Say you have an AF15 with horrid marvel chipping, someone trims it to make it more presentable. It's now a trimmed comic. No argument there.

 

Ok, so then say it's leaf casted to add back the trimmed part to make it a whole cover again. The edge is trimmed in line with where it looks best.

 

It's been leaf casted but by some reckoning it's now not a trimmed comic?

 

Nope, it's been trimmed, it'll always have been trimmed, it should say it on the label.

The problem with your analogy is that the AF 15 was not considered restored prior to the trimming. With leaf casting it will always be considered restored. So no matter what you do after the trimming is considered resto...right?

 

Well wrong actually. What if you then carefully tore the cover along the original trim line? The book would be downgraded heavily but would be a blue label with no mention of the trim job because CGC could not tell that it had ever been trimmed.

 

I think a lot of folks make assumptions about leaf-casting without really knowing what the process involves. It isn't exactly the same as reattaching paper. Certainly not the same as reattaching a piece of original paper to the book. Think of leaf casting as building out new liquid paper to fill missing areas. It that sense any trimming of the rebuilt areas is inconsequential as far as necessity to be notated on a grading label. That can be taken care by simply mention that leaf-casting occurred. Almost all leaf-casting requires trimming of the rebuilt areas, but never original paper, and therefore to list the book as trimmed is not only misleading but essentially redundant.

 

Furthermore the wonderful thing about leaf-casting, as opposed to older more invasive forms of resto, is that the cast areas are completely reversible. If you only want original paper just add water and the cast areas will fall away. So again, labeling the whole book as trimmed on the label is misleading, and labeling the leaf-casting procedure as trimmed is redundant.

 

It's important to remember that isn't true.

 

You can leaf cast very specific areas without touching the rest of the comic. For instance you can rebuild just a missing chunk from the middle of the cover and not need to trim anything whatsoever.

 

That's why Richie said "almost all leaf casting"

 

Regardless, ever since people applied non original material to comics to restore them, if that non original material hangs over an outer edge...it was trimmed back to size.

 

Sealing a tear, some japan tissue hangs over the outer edge...you trim it off.

 

Piece Fill in a missing chunk with donor, or archival material, it hangs over the outer edge, you let it dry and trim it off.

 

Piece fill a missing corner, you trim it back to make a corner, sharp or rounded.

 

Japan tissue is glued to an entire outer brittle edge to reinforce it.....once dried it is trimmed to size. you simply cannot seal it properly without it being glued up to, and hanging over the original edge.

 

As Stronguy said earlier, its always been this way. Not just with comics, but conservation labs everywhere.

So basically every book that had non original material applied to any edge, be it a single tear, piece fill, or an entire outer edge... that material has always been trimmed back to size.

 

Yet these procedures have never been labeled as trimmed by definition, or even questioned.

 

Leaf casting is no different, you are adding paper pulp to reinforce, fill in, missing, weak areas.
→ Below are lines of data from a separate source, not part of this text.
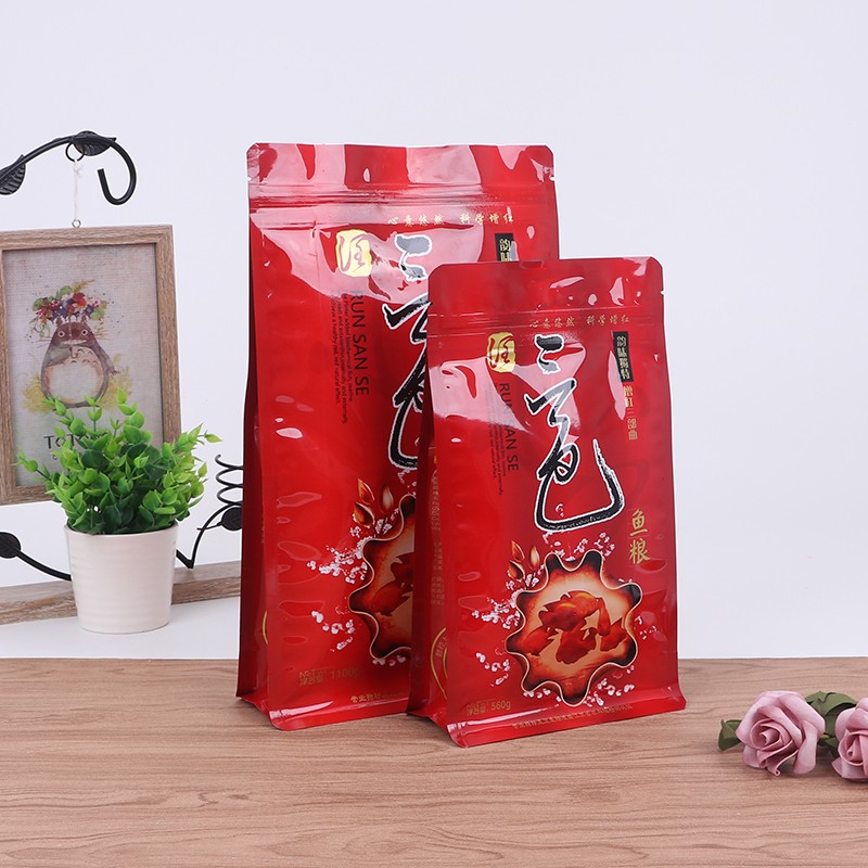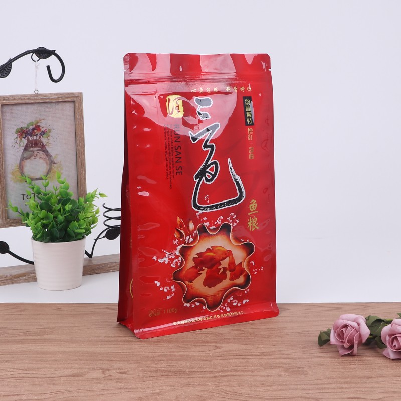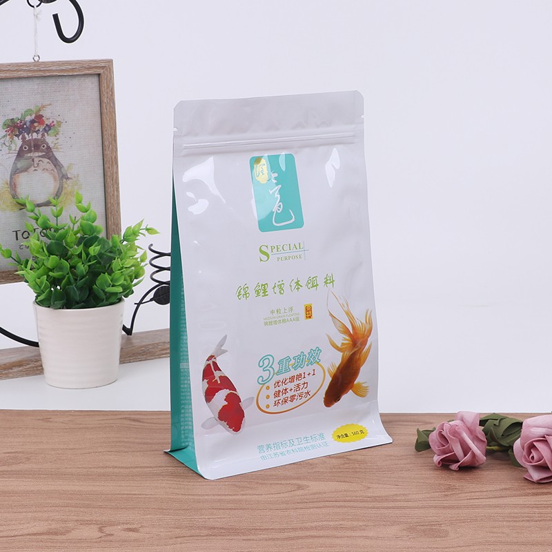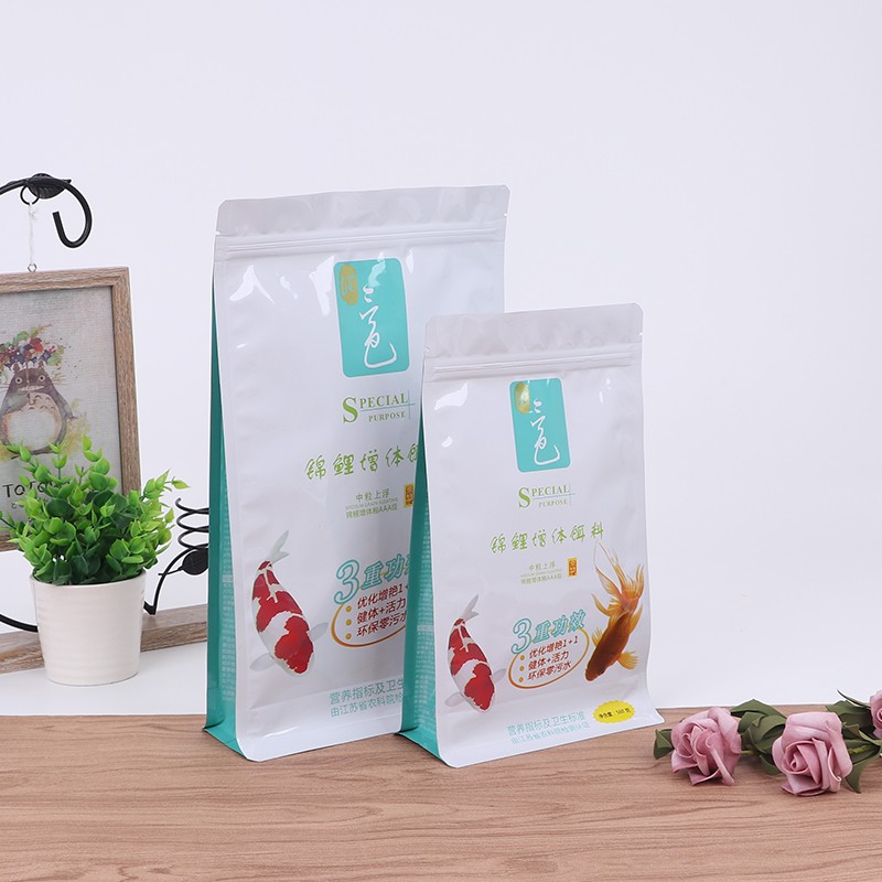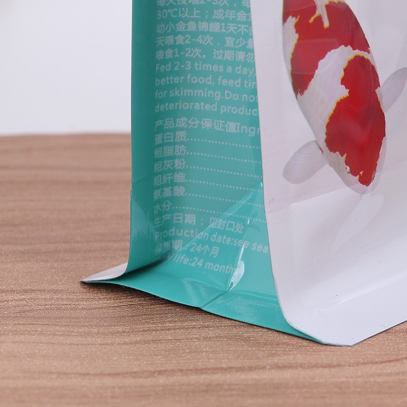 Le bord hermétique du sac à fond plat pour aliments pour poissons est particulièrement étanche, les particules de nourriture pour poissons sont petites. Les sacs ordinaires ont tendance à laisser échapper de la poudre par les coins. Les côtés et le fond de ce sac plat ont des bords renforcés, même si la poudre de nourriture pour poisson est très fine, elle ne coulera pas, c'est beaucoup plus pratique à emballer.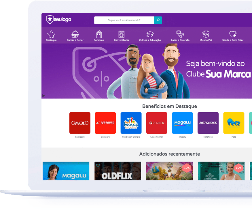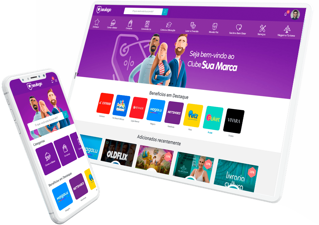 Funciona assim: personalizamos a plataforma com seu logo, suas cores e configuramos tudo para que ela seja acessada no seu endereço na internet e preparamos também um aplicativo exclusivo. Pronto! Em até 5 dias, sua empresa ou associação tem um clube 100% personalizado e pode disponibilizar para seus colaboradores, associados ou clientes!
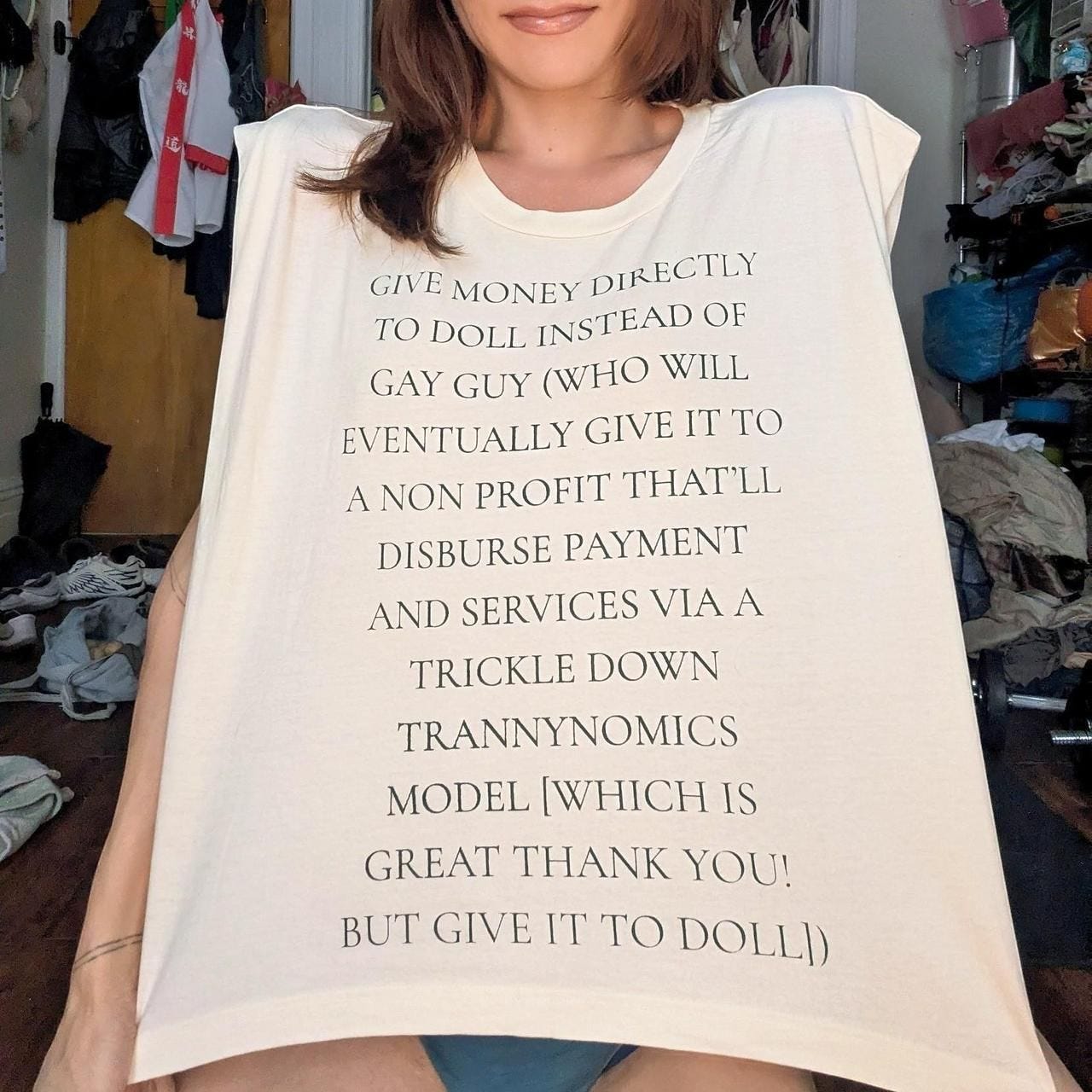 * Designer Gogo Graham’s “Protect the Dolls” rebuttal shirt ($50) is sold out online, but there are still a few IRL at Charlot Abhors a Void in Chinatown (244 Canal Street, #3R).

And trimming it back to original size.

 

I use all these aforementioned methods, and don't consider any of them to be "trimming" as our hobby understand the definition to be.

 

Which is removing ratty original material in an effort to make a book look better.

 

People hate the word trimming, because it is associated with an intent to deceive, by mutilating comics. So to try and pigeon hole leaf casting from every other known conservation, restoration technique of piece fill, and reinforcement seems wrong.

 

In the case of this Fantastic 3, it was brittle, the entire cover was a chippy mess that needed reinforcing. How it was labeled, or mislabeled by different grading companies, I honestly have no idea. The book changed hands multiple times once it left mine to say either way.

 

If somebody determines original material is missing, that's fine, and subjective.

 

But to just label leaf casting as trimmed en masse, seems like a step backwards. Because it is more an evolution of the standard piece fill process, then a complete reinvention of what it inherently does.

 

Which is adding paper to reinforce, or fill in missing bits, and trimming it back to size.

 

Same as it ever was.

 

That's my point, I wouldn't, precisely because only some comics that are leafcasted are subsequently trimmed. If they all were then fine, no notation needed, but some aren't.

 

I totally agree, however, that the word 'Trimmed' has such negative connotations within the hobby that i can understand not wanting to have the notation on the label. I personally think that leafcasting is such an extraordinary technique that to categorise it with other methods of adding 'after the fact' material does it a bit of a disservice. Being able to take a brittle document and stablize it to such an extent as to make it easy to handle without fear of more damage is a level up in conservation techniques.

 

Its an interesting discussion, and as ever different people will have different opinions.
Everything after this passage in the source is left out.